Sibling selectors tend to be less optimized. Non-adjacent selector and generic right-hand-side can cause a lot of matching.

Pseudos like :nth-child() and :nth-of-type() tend to be less optimized, although browsers have specific optimizations for common ones like :hover and :focus.


But remember: this varies from browser to browser, it could change tomorrow, and there are always exceptions.

chrome tracing, edit categories, blink.debug

66 / 125

To actually understand which selectors are slow, there actually is a new tool released in Chromium earlier this year. If you enable blink.debug when using Chrome tracing...

chrome tracing, document update style, selector stats slice, table of data, elapsed, fast reject count, match attempts, match count, list of selectors

67 / 125

Then you can get this view of the "selector stats." If you sort by elapsed time, you can actually see your most expensive CSS rules ranked from most to least expensive.

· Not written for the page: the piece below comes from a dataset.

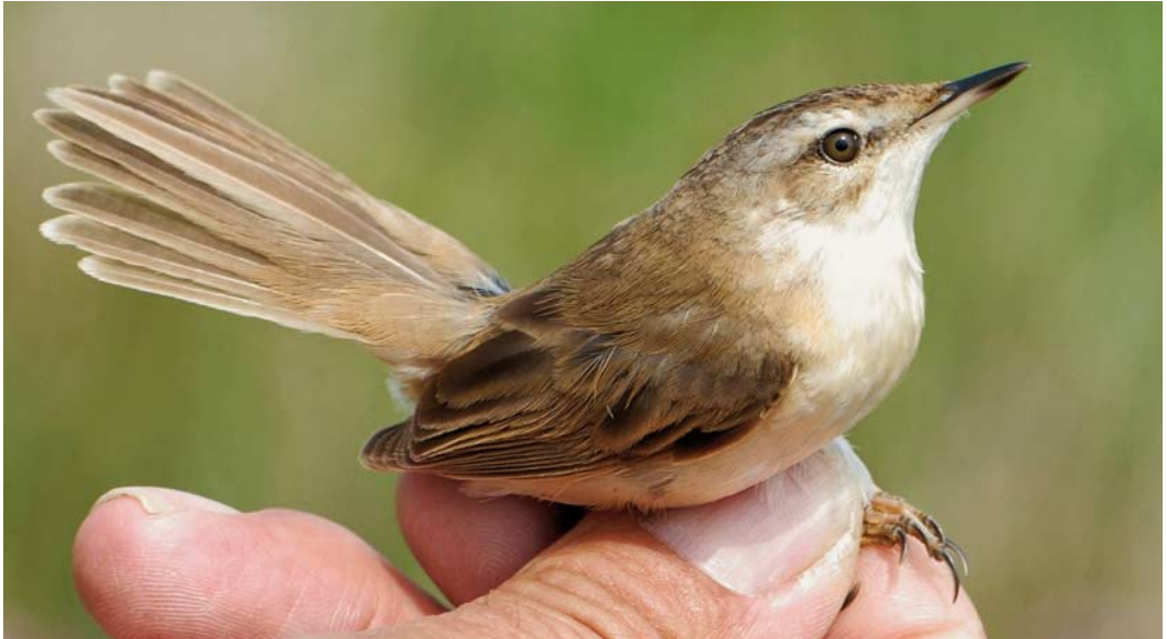
349 Veldrietzanger / Paddyfield Warbler Acrocephalus agricola , Zwanenwater, Noord-Holland, 4 juni 2008

The time shown is microseconds. We also have match attempts, match count, and fast reject count. Fast reject count is Bloom filter rejections.

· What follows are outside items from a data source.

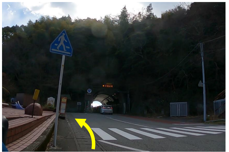
No22：錦ヶ浦トンネル迂回～国道復帰～次の迂回
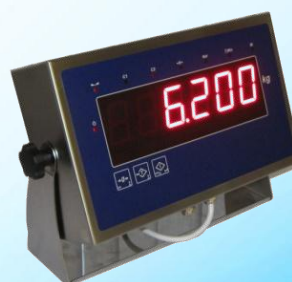
RIPETITORE SE 308 Inox Display H45 – IP 65 SE 308 I Repeater H45 Display – IP 65
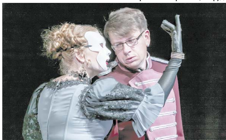
"Маскарад" – первый совместный проект Кинешемского театра с московской "Школой драматического искусства".

Note this tool may be more useful at the macro level than the micro level. Look for repeated patterns coming from a framework or CSS processor.

This tool may land in Dev Tools soon!

Use shadow DOM

<my-component>
#shadow-root
<style> div { color: red } </style>
<div>Hello!</div>
</my-component>
68 / 125

Shadow DOM is interesting because it encapsulates styles. They don't bleed in and out of this component.

Because of this scoping, this reduces both the n and the m in our O (n*m) algorithm earlier. The browser doesn't need to check as many rules against as many elements – it's clear which ones can apply to each other.

Use scoped styles

:nth-child(2) * /* Input */
.xyz:nth-child(2) .xyz /* Svelte output */
69 / 125

An alternative to shadow DOM is to use style scoping from frameworks like Vue or Svelte. In a sense, these "polyfill" shadow DOM style scoping by modifying the selectors with unique classes, tags, or attributes.

In this case, you can see how Svelte effectively turns an inefficient selector into an efficient selector that benefits from both the hashmap and Bloom filter optimization.

Benchmark data, see blog post for full details

70 / 125

This chart runs my benchmark, median of 25 iterations, on a 2014 Mac Mini. The benchmark generates some random CSS, and compares running it through various scoping algorithms vs using shadow DOM vs just leaving the styles unscoped. It uses 1,000 generated "components," with 10 styles per component.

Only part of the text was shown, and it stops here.